A Tale of Tails: Model Collapse as a Change of Scaling Laws

2402.07043

Published 6/3/2024 by Elvis Dohmatob, Yunzhen Feng, Pu Yang, Francois Charton, Julia Kempe

A Tale of Tails: Model Collapse as a Change of Scaling Laws

Abstract

As AI model size grows, neural scaling laws have become a crucial tool to predict the improvements of large models when increasing capacity and the size of original (human or natural) training data. Yet, the widespread use of popular models means that the ecosystem of online data and text will co-evolve to progressively contain increased amounts of synthesized data. In this paper we ask: How will the scaling laws change in the inevitable regime where synthetic data makes its way into the training corpus? Will future models, still improve, or be doomed to degenerate up to total (model) collapse? We develop a theoretical framework of model collapse through the lens of scaling laws. We discover a wide range of decay phenomena, analyzing loss of scaling, shifted scaling with number of generations, the ''un-learning of skills, and grokking when mixing human and synthesized data. Our theory is validated by large-scale experiments with a transformer on an arithmetic task and text generation using the large language model Llama2.

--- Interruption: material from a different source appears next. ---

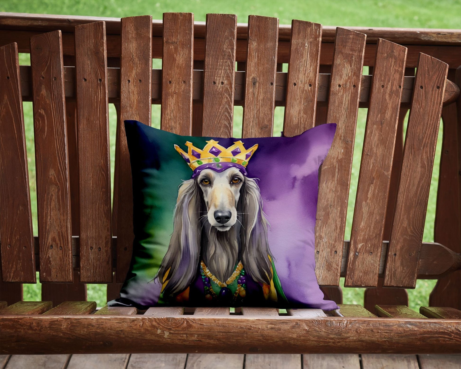Afghan Hound King of Mardi Gras Throw Pillow Machine Washable, Indoor Outdoor Decorative Pillow for Couch, Bed or Patio, 14Hx14W
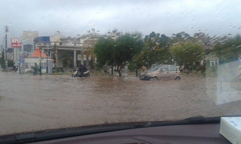 Η λεωφόρος Πάρνηθος έχει μετατραπεί σε… ποτάμι, ενώ η στάθμη των νερών ανέρχεται σε 5-10 εκατοστά.

Create account to get full access

Overview

This paper explores the concept of "model collapse" in machine learning, where a model's performance degrades as it is trained on more data.
The authors propose a "double scaling law" that explains how model collapse can arise as a change in the scaling behavior of the model's outputs.
They demonstrate this phenomenon using a regression task and provide insights into the underlying mechanisms driving model collapse.

Plain English Explanation

The paper examines a curious behavior that can happen when training machine learning models: as you feed the model more and more data, its performance can actually start to get worse. This is known as "model collapse."

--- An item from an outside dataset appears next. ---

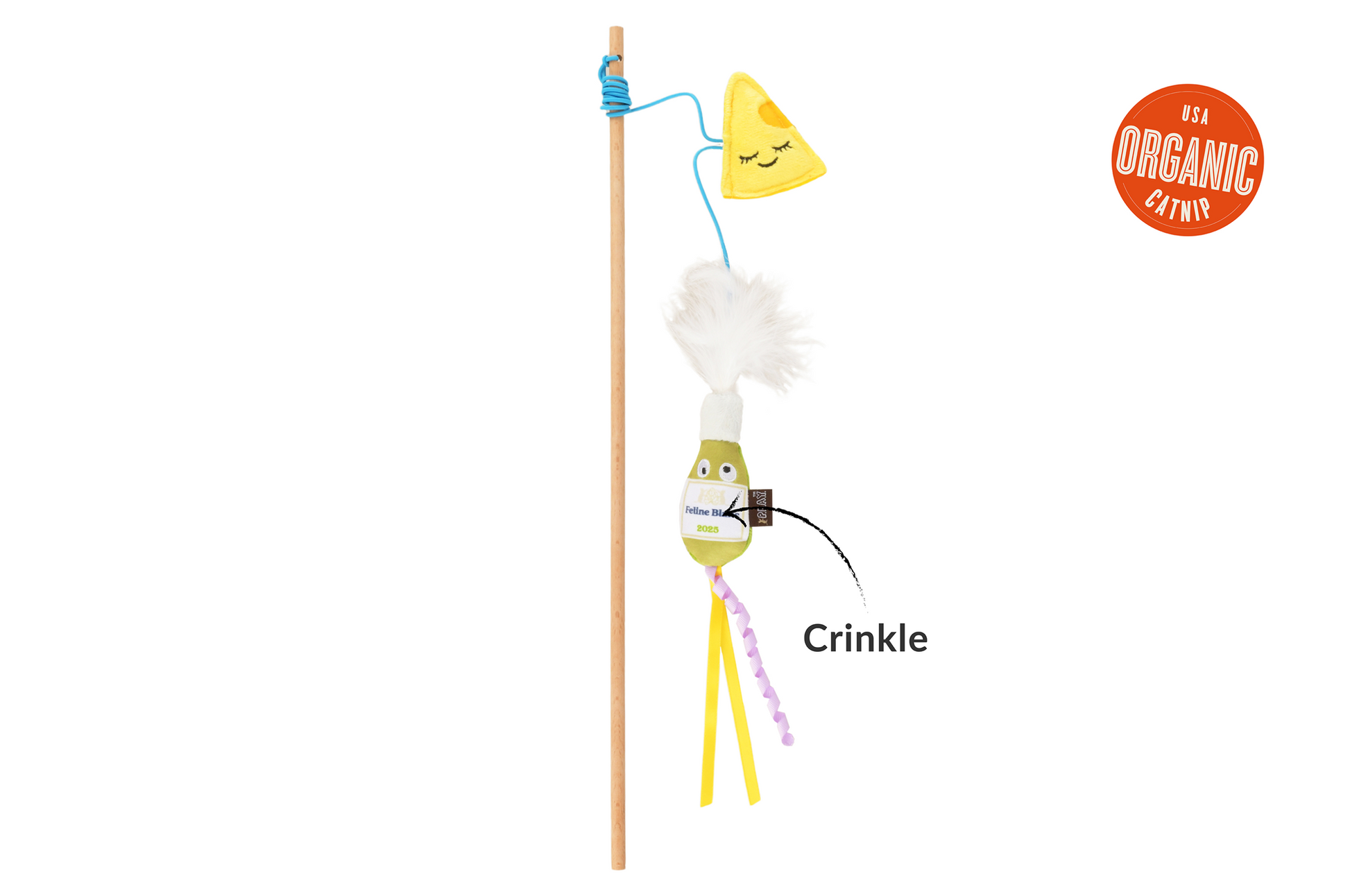 Toast to playtime with P.L.A.Y.’s Feline Frenzy Feline Blanc, the wine-and-cheese-inspired cat teaser wand that will have your cat sampling the finer things like a true sommelier! This plush toy duo features a crinkly wedge of cheese and a bottle of vino, all dangling from a sturdy wand built for chasing and pouncing. Made with irresistibly soft fabrics and pockets filled with a USDA-certified organic catnip, this interactive cat toy offers a five-star experience, no reservation required!

The researchers behind this paper wanted to better understand what's causing model collapse. They developed a mathematical model that helps explain it as a shift in how the model's outputs scale with the amount of training data. Essentially, there's a point where the model starts to change the way it processes information, leading to this collapse in performance.

To illustrate this, the researchers looked at a simple regression task, where the model is trying to predict a numerical output. They showed how the model's behavior goes through this transition, starting off by making good predictions but then eventually breaking down as more data is added.

[This work builds on previous research on scaling laws in machine learning, like the papers on unraveling the mystery of scaling laws, dynamical models and neural scaling laws, and an exactly solvable model for the emergence of scaling laws.]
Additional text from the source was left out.